Saturday, February 7, 2015

GOP 2016 Presidential Hopefuls have varying Views on Mandatory Vaccines

Top Republican lawmakers on Tuesday strongly backed routine vaccination of children against deadly diseases, marking a shift in the political debate that has erupted around a multistate measles outbreak.
An estimated 102 measles cases in 14 states have been tied to an outbreak that began at a Disneyland Resort in California in December. Experts say this doesn’t present a risk of measles spreading nationwide, because the vast majority of Americans are vaccinated against it. And the outbreak isn’t even the largest in the U.S. in recent years.

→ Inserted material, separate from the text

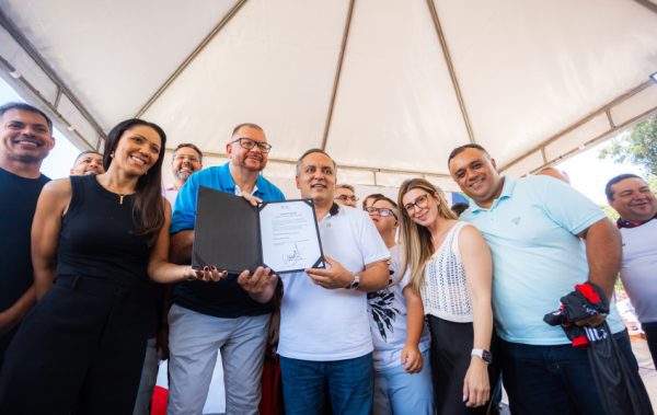 Prefeito Marcelo Lima assinou ordem de serviço neste domingo para implantação de grama sintética, drenagem, iluminação de LED, arquibancada e novos equipamentos de...

But its widespread nature and origin at a popular theme park have drawn public attention to vaccination policies—and to the opposition to vaccines in some pockets of the country.
Although some GOP lawmakers question whether vaccines should be required, Americans’ views on vaccinations don’t fall cleanly along party lines. Some liberals eschew vaccination out of perceived health concerns.
The fact measles had been considered virtually eliminated in the U.S. means most parents don’t realize the disease can be dangerous or even deadly, experts say.
GOP presidential hopefuls on Tuesday left the most vocal Republican opponent of vaccine requirements, Kentucky Sen. Rand Paul , standing virtually alone before he recast his remarks.